- **Aim of the exercise**:
Only the lines from the top of the listing below through the line containing "Nhà máy sản" should be output, exactly and with no pictures.

- **Supplied information**:
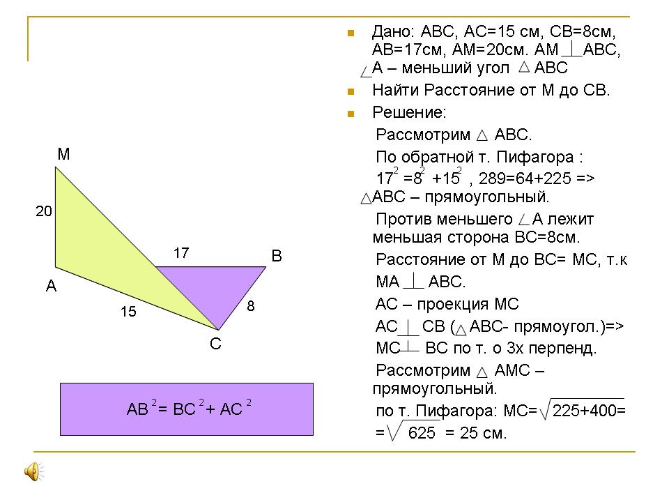 - Точка М равноудалена от всех вершин прямоугольного треугольника, катеты которого равны 6 и 8 см. Расстояние от точки М до плоскости треугольника равно 12. Найдите расстояние от точки М до вершин треугольника.
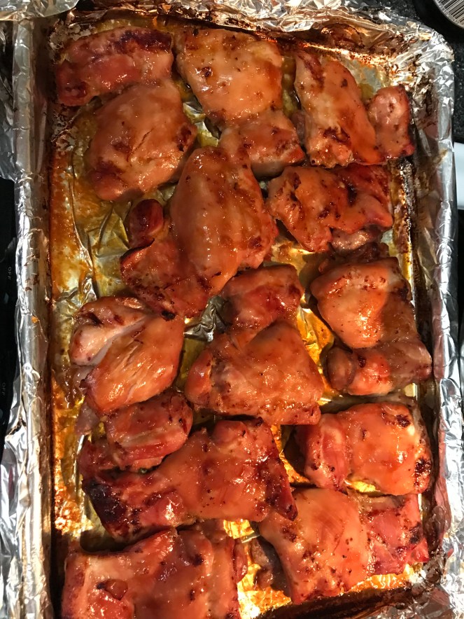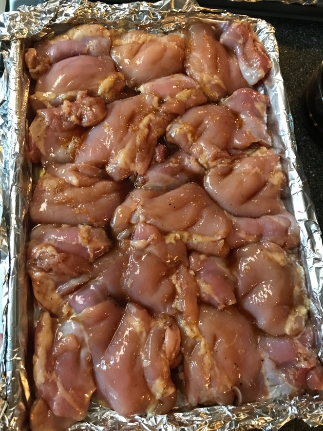 Bake at 350 degrees, for about 30-35 minutes or until chicken is done, turning once and basting with the marinade.
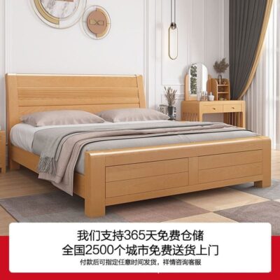 Nhà máy sản xuất giường gỗ sồi nguyên khối bán trực tiếp Giường đôi 1,8m 1,2/1,35m Giường trẻ em 1,5m Phòng ngủ chính căn hộ nhỏ
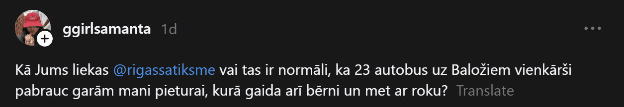 “Kā jums šķiet, “Rīgas satiksme”, vai tas ir normāli, ka 23. autobuss uz Baložiem vienkārši pabrauc garām manai pieturai, kurā gaida arī bērni, un met ar roku?” vietnē “Threads” jautā Samanta.
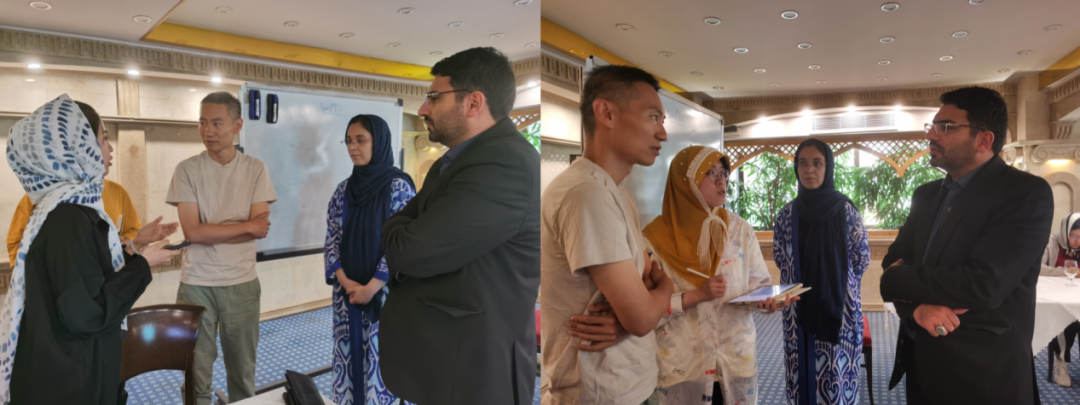 研学团分组与Shahidi教授和Zohouri教授进行交流,话题涵盖波斯文字和中国古文字识别、留学生与访问学者在文化交流中的作用、区域比较研究的注意事项等同学们共同关心的议题,两位教授逐一给予了有针对性的回应和指导。
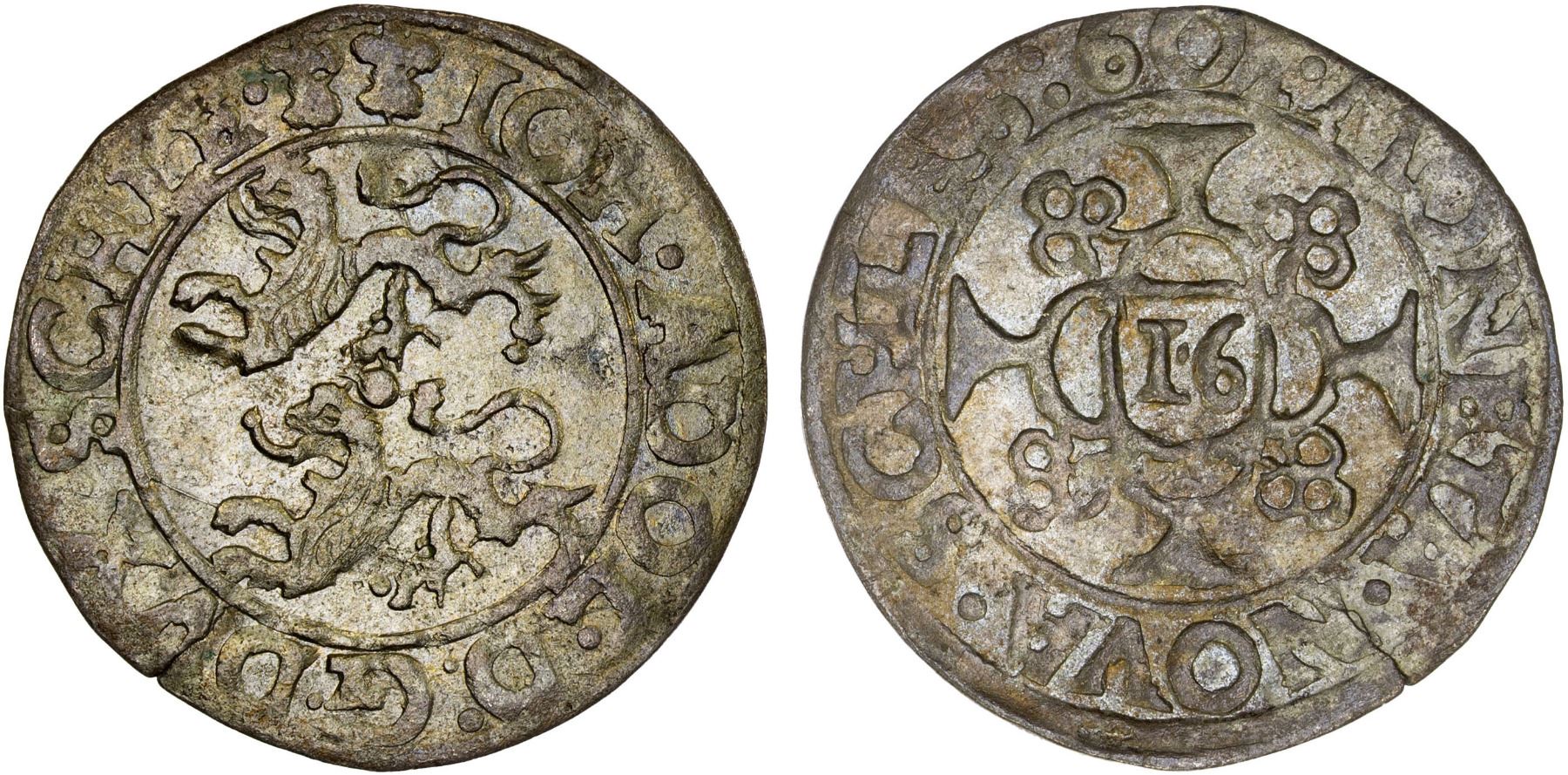SCHLESWIG-HOLSTEIN-GOTTORP: Johann Adolf, 1590-1616, AR 1/16 thaler (1)601, KM-5, Lange-286var, reverse legend: ends SCHLES:, with old dealer tag, lightly toned, VF-XF, S, ex H. G. Oldenburg.

- **Expected answer**:
 - Точка М равноудалена от всех вершин прямоугольного треугольника, катеты которого равны 6 и 8 см. Расстояние от точки М до плоскости треугольника равно 12. Найдите расстояние от точки М до вершин треугольника.
 Bake at 350 degrees, for about 30-35 minutes or until chicken is done, turning once and basting with the marinade.
 Nhà máy sản xuất giường gỗ sồi nguyên khối bán trực tiếp Giường đôi 1,8m 1,2/1,35m Giường trẻ em 1,5m Phòng ngủ chính căn hộ nhỏ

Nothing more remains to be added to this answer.